That's a great story - one that gets me excited about crypto. I've been a fan of bitcoins but joined in too late. Mining on a laptop didn't end well but I've learnt since then!
Agreed. A great story that should inspire the whole community. It is still possible to have a huge impact, and a positive one at that.
It was really fascinating reading this thing. Just yesterday i got to know about drk and today i am in love with it. its amazing to see that in a few days the drk has become the third largest crypto and maybe any hour it will take over ltc.
Great read thanks , quite new to Cryptocurrency , but gotta say DRK is easily my Favorite , I simply love Darkcoin , thank you kindly :cool:
guys i gotta say I have had a badass time jumping onboard with Darkcoin. its been a great experience. Id like to give back to the community with a great pool as well if you guys want to mine on it, low latency, real hardware and a fatass pipe not your basement special server.

Great story... It's really nice to get the inside details on how a coin got started and the trials and tribulations the developer faced in the early days. I'm especially glad to hear that you are now full time with another developer focusing on DarkCoin,s future. I just got on-board with DarkCoin both mining and operating a pool for miners and I hope to have a long and prosperous future with this coin.

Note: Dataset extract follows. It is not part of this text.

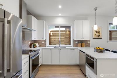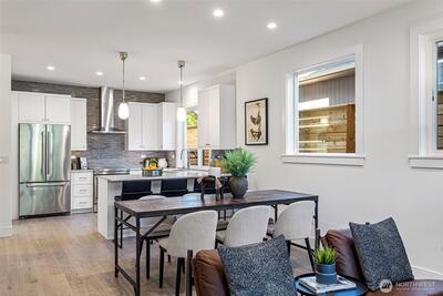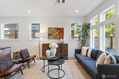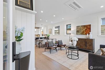 Experience modern living in this light-filled 5 home new construction community in Ballard by Roland Development! Sleek finishes and smart design define the open main level, complete with a welcoming entrance. Upstairs, two versatile bedrooms share a full bath, while the private top-floor primary suite creates a true retreat. Step outside to a quiet fenced yard with turf—your personal sanctuary for entertaining or unwinding with ease. With assigned parking with EV charging, nearby transit, and effortless access to Ballard’s lively scene—from breweries and the farmers market to Shilshole Bay—you’ll enjoy the perfect blend of style, comfort, and convenience!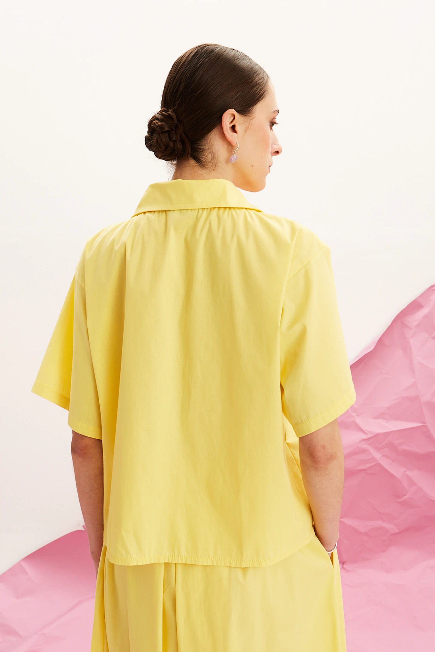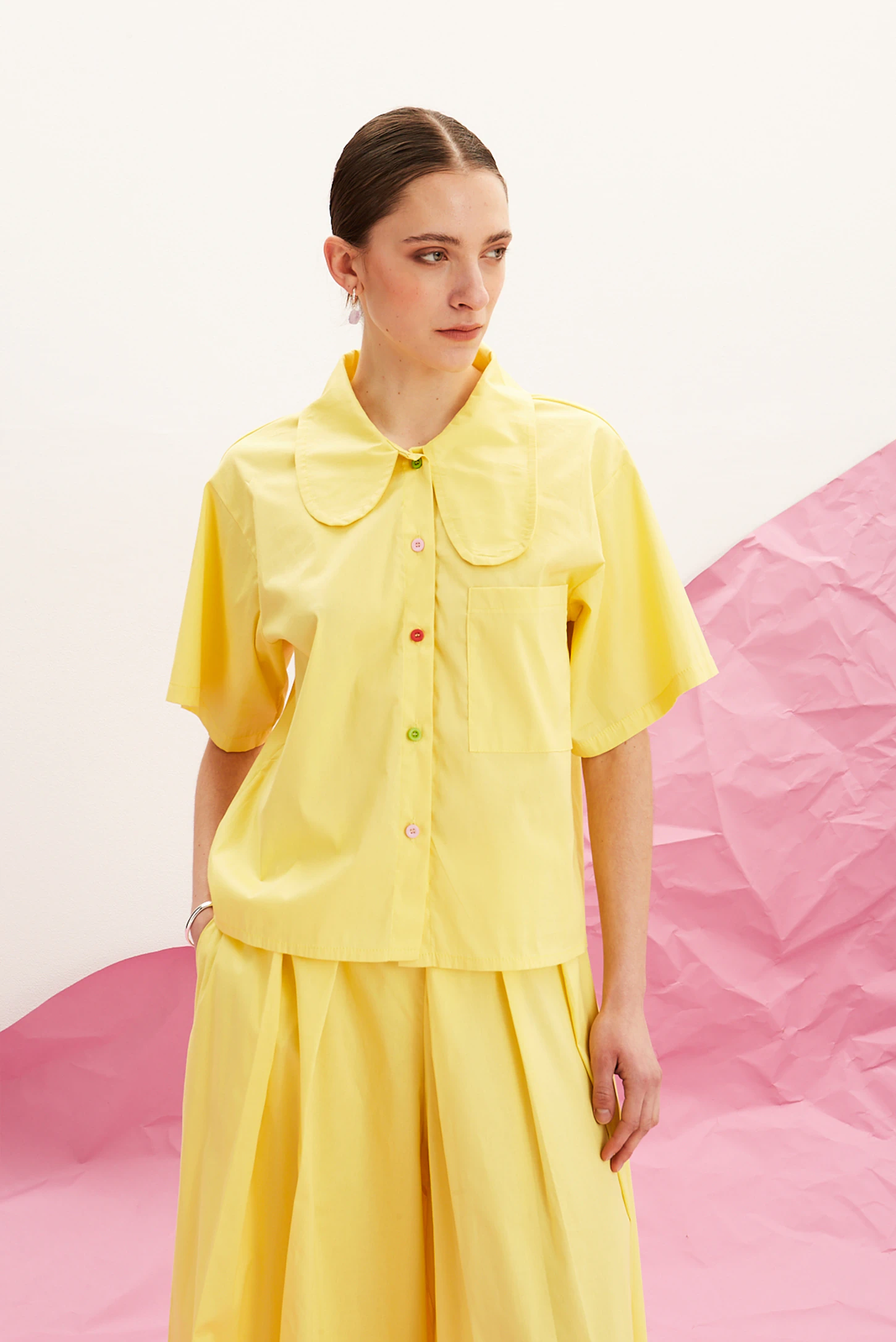 Το The Flower Collar Shirt της The Norm σε απόχρωση Butter Yellow επαναπροσδιορίζει το κλασικό κοντομάνικο πουκάμισο μέσα από μια πιο καλλιτεχνική και παιχνιδιάρικη προσέγγιση. Ο ξεχωριστός, oversized γιακάς, διαμορφωμένος σε αφαιρετικό σχήμα λουλουδιού, δίνει στο κομμάτι έναν γλυπτικό χαρακτήρα με έντονη προσωπικότητα.

Thanks for all your efforts!

Now let's take DarkCoin to the top of the CoinMarketCap charts!
After reading this I understand how the trolls found something to chew on. Thanks for an honest account of the beginnings. Not a perfect beginning but mea culpa is a great response.
Most of alts had failed starts last year so Xcoin that time wasn't special ;)
There were a couple of posts on BCT that were very good. Since I think someday this thread will be referenced for research, I would like to include them here.

From Kaene: ( https://bitcointalk.org/index.php?topic=421615.msg12691335#msg12691335 )

"evidence"? I'll try to reply to a troll ;D

I was there during the "instamine", go check the first pages of this thread and you will see me complaining and discussing.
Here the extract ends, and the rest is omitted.